从selenium导入webdriver
从selenium.webdriver.support将预期的_条件导入为EC
从selenium.webdriver.chrome.options导入选项
开始时间=time.time()
选项=选项()
#选项。添加参数(“--headless”)
options.add_参数(“--disable gpu”)
options.add_参数(“--disable extensions”)
选项。添加实验选项(“prefs”{
“download.default_目录”:r“'/home/Documents/testing/macrotrends',
“下载。
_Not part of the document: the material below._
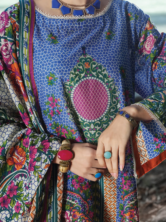 Turquoise Viscose 3Pc Unstitched - ALP-3PS-1092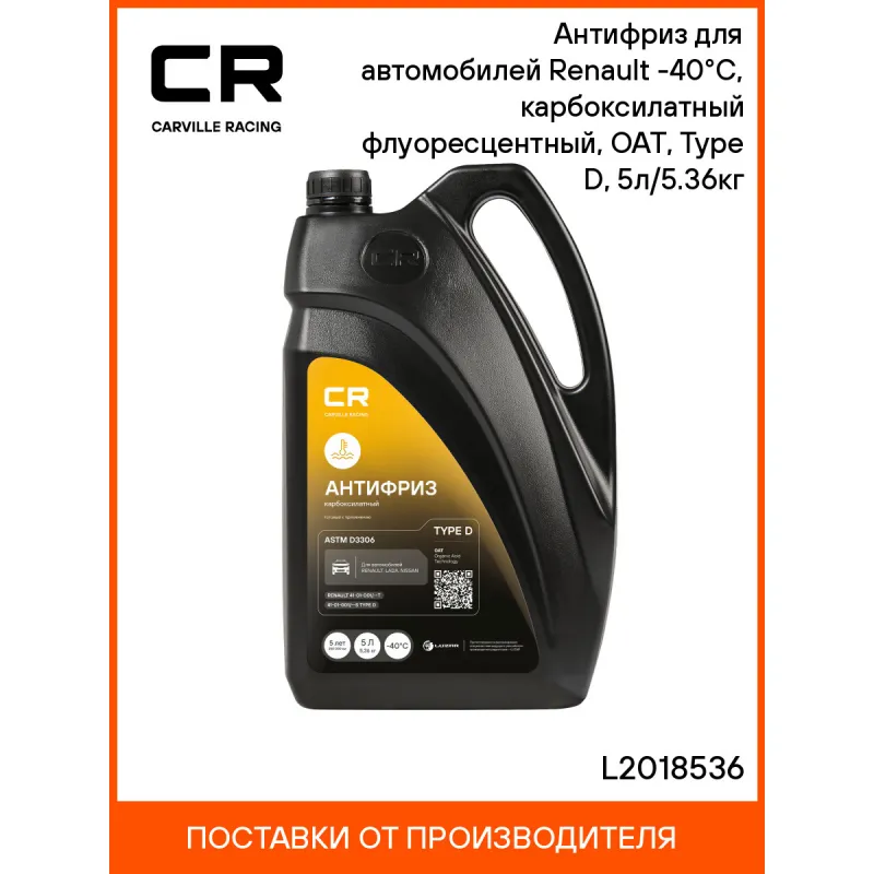 Антифриз для автомобилей Renault (Lada, Nissan) -40°С, карбоксилатный флуоресцентный, OAT, Type D, 5л/5.36кг Описание: Флуоресцентный карбоксилатный антифриз премиум класса бренда Carville Racing в желтом цвете цвете обеспечивает надежную защиту системы охлаждения вашего автомобиля от негативных воздействий и обеспечивает стойкость деталей техники к высоким температурам. Созданная по самой современной лобридной технологии производства OAT (Organic Acid Technology) охлаждающая жидкость в объеме. Защитный антифриз подходит для сервисного обслуживания и дальнейшей эксплуатации любых марок машин, в том числе с бензиновым двигателем, в соответствии со спецификацией, в том числе таких как Renault и других автомобилей. Совместим с элементами из пластика, эластомеров или резины. Позволяет увеличить время эксплуатации термостата и водяного насоса. Это эффективное решение для автомобильных систем охлаждения в условиях экстремальных эксплуатационных нагрузок в любое время года зимнее, осеннее, весеннее и летнее. Незаменимый автотовар обеспечивает идеальную защиту от коррозии и перегрева в самых сложных условиях эксплуатации, что делает его отличным выбором для автовладельцев. Характеристики: Артикул: L2018536 OEM номера: 7711428133, 7711428130, 7711428129, 7711428132 Цвет: Желтый Тип: Карбоксилатный антифриз Состав: Этиленгликоль, пакет многофункциональных присадок, вода деминерализованная, противопенные добавки, краситель. Не содержит метанол и глицерин Срок эксплуатации: 5 лет или 250 000 км Гарантийный срок хранения: 5 лет Соответствие требованиям/стандартам: ASTM D3306 Спецификации: Renault 41-01-001/--T, 41-01-001/--S Type D Температура начала кристаллизации, °С: минус 40 Температура начала кипения, °C: плюс 110 Температура начала кипения при 2Атм, °С: плюс 127 Температура замерзания, °С: минус 43 Объём / Нетто / Брутто: 5л / 5,36кг / 5,61кг Применение: Продукт готов к применению. Пожаровзрывобезопасен Технология производства: OAT (Organic Acid Technology) Водородный показатель (рН): 8.3 Флуоресцентный краситель: Да Цвет: Желтый Подходит для авто: Renault Logan (04-), Duster II (21-), Kaptur (16-), Logan (08-), Logan II (12-), Duster (10-) Nissan Terrano (14-), Almera G15 (12-) ВАЗ Largus (12-), Vesta (15-), X-Ray (15-) Для проверки применяемости отправьте VIN автомобиля через вкладку "Есть вопросы о товаре?" Комплектация: Жидкость охлаждающая - 1 шт Гарантия: от 1 года.

提示下载”:False,
“下载目录\升级”:True,
“safebrowsing.enabled”:False
})
driver=webdriver.Chrome(可执行文件路径=r'/home/chromedriver/chromedriver',options=options)
司机,上车https://www.macrotrends.net/1476/copper-prices-historical-chart-data')
时间。睡眠(5)
iframe=driver。通过xpath(“iframe[@id='chart\u iframe']”查找元素
驱动程序切换到帧(iframe)
xpath=“//a[text()=‘所有年份’”
通过xpath(xpath)查找元素
xpath=“//按钮[@id='dataDownload']”
通过xpath(xpath)查找元素
时间。睡眠(10)
驱动程序关闭()
打印(“--%s秒--”%(time.time()-start\u time))

在无头模式下,默认情况下禁用下载。您可以通过执行开发人员工具命令来允许它们,如下所示:

from selenium.webdriver import Chrome
from selenium.webdriver.chrome.options import Options

options = Options()
options.headless = True 
driver = Chrome(options=options)
params = {'behavior': 'allow', 'downloadPath': '/path/for/download'}
driver.execute_cdp_cmd('Page.setDownloadBehavior', params)
# downloads are now enabled for this driver instance

在无头模式下,默认情况下禁用下载。您可以通过执行开发人员工具命令来允许它们,如下所示:

from selenium.webdriver import Chrome
from selenium.webdriver.chrome.options import Options

options = Options()
options.headless = True 
driver = Chrome(options=options)
params = {'behavior': 'allow', 'downloadPath': '/path/for/download'}
driver.execute_cdp_cmd('Page.setDownloadBehavior', params)
# downloads are now enabled for this driver instance

您可以使用模块
pyvirtualdisplay
创建虚拟显示,该显示将由
Chrome
Firefox
(无
headless
)自动使用,并将隐藏窗口

铬:

from selenium import webdriver
from selenium.webdriver.support import expected_conditions as EC
from selenium.webdriver.chrome.options import Options
import time

from pyvirtualdisplay import Display

display = Display(visible=0, size=(1920,1080))
display.start()

start_time = time.time()

options = Options()

###options.add_argument("--headless")
options.add_argument("--disable-gpu")
options.add_argument("--disable-extensions")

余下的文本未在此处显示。